Redis is an in‑memory key‑value store that supports data types such as String, List, Set, SortedSet and Hash. Because Redis lacks native fuzzy query capabilities, the article presents a solution for combining pagination and conditional fuzzy search.

Redis Pagination Implementation

Pagination is achieved with the Sorted Set (ZSet) data structure. The relevant commands are:

ZADD ZADD key score member [[score,member]…] – adds members with a score used for ordering.

ZREVRANGE ZREVRANGE key start stop – returns members in a given range, enabling page retrieval.

ZREM ZREM key member – removes a member, useful for deleting comments.

Sorted Sets are well‑suited for pagination because they maintain order and allow score‑based filtering.

Redis Multi‑Condition Fuzzy Query Implementation

Fuzzy queries are built on Hashes. Fields are constructed as <id>:<name>:<gender> and the value stores the full JSON record. The HSCAN command scans all fields with pattern matching, e.g., *:*:male to find all male users or 100*:*:* to match IDs starting with 100.

Matching keys are collected into a Set or List for subsequent data retrieval.

Combination of Pagination and Fuzzy Query

When a query with both pagination and fuzzy conditions is needed, the process is:

Check if a ZSet keyed by the fuzzy pattern already exists.

If not, use HSCAN to collect matching fields, insert them into a new ZSet, and set the pattern as the ZSet key.

If the ZSet exists, perform pagination directly with ZREVRANGE .

This approach avoids scanning the entire dataset on every request.

Performance Optimization

To prevent unlimited ZSet creation, each generated set is given an expiration time based on the principle of temporal locality; accessed sets have their TTL refreshed.

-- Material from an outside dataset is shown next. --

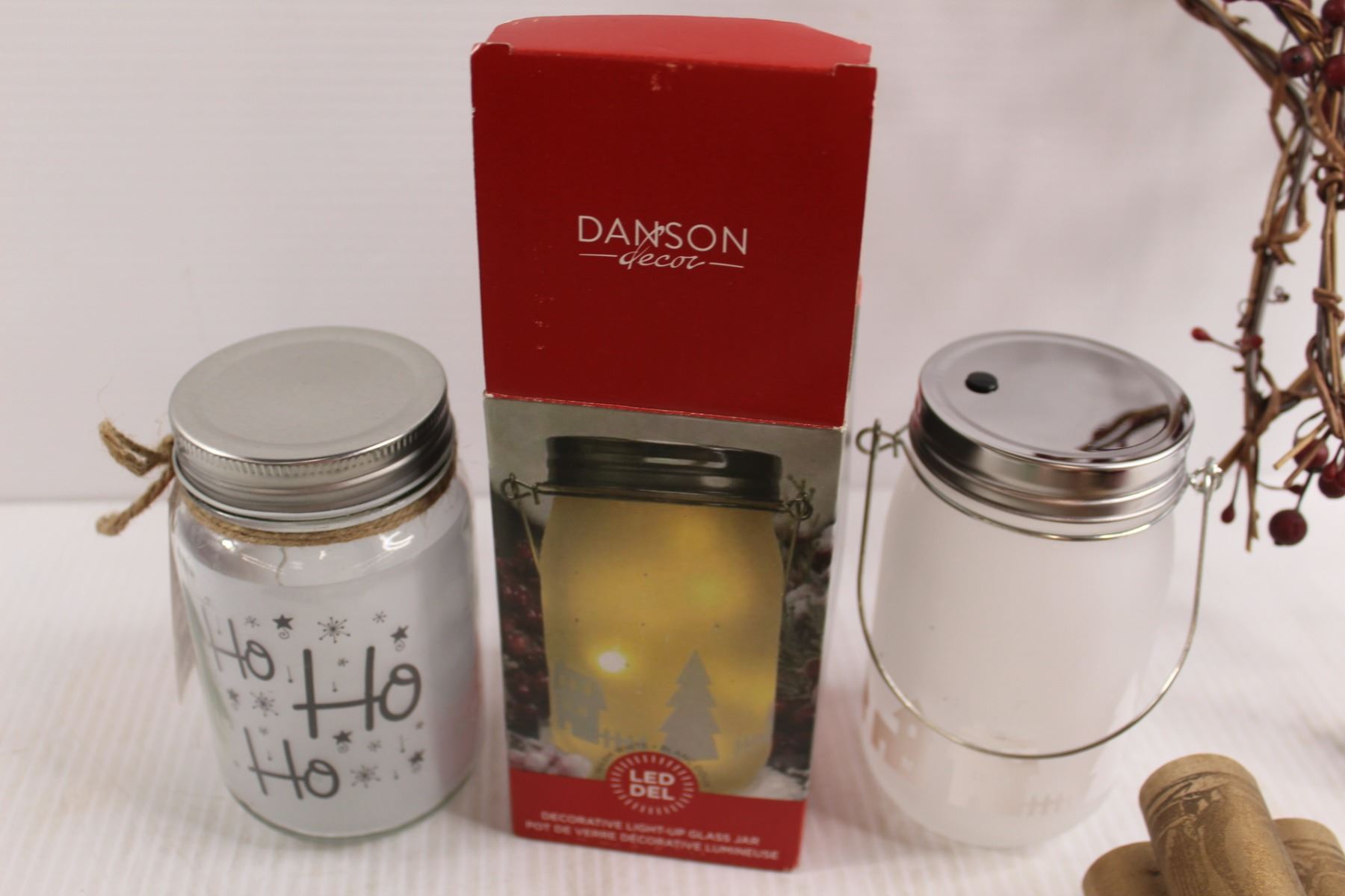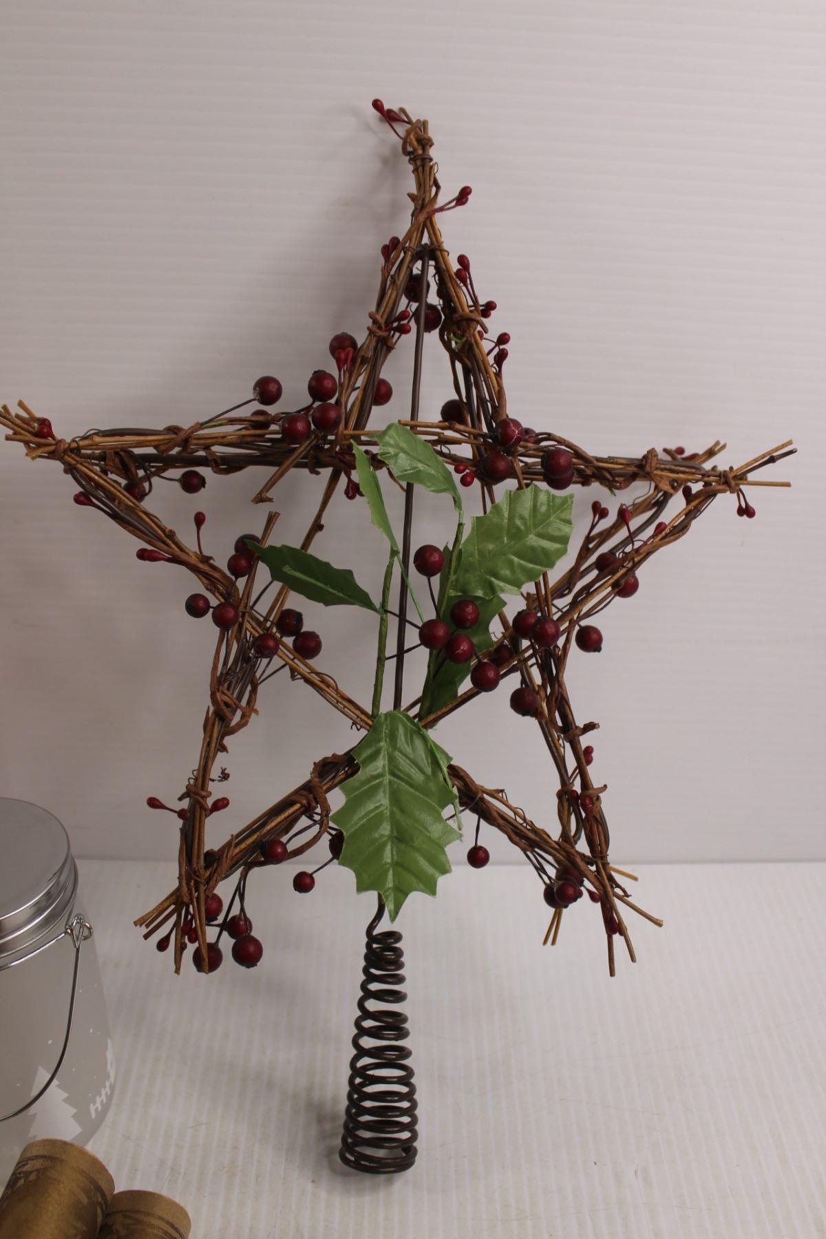 Assorted Christmas Decorations - Glass Jars, Tree Topper

Two strategies keep the sets up‑to‑date:

Insert new Hash entries into all relevant ZSets at write time (requires a naming convention to identify affected sets).

Periodically rebuild ZSets, which is simpler but may lag behind real‑time data.

Summary

The article outlines practical techniques for implementing pagination, multi‑condition fuzzy search, and their combination in Redis, along with suggestions for caching and expiration to maintain performance.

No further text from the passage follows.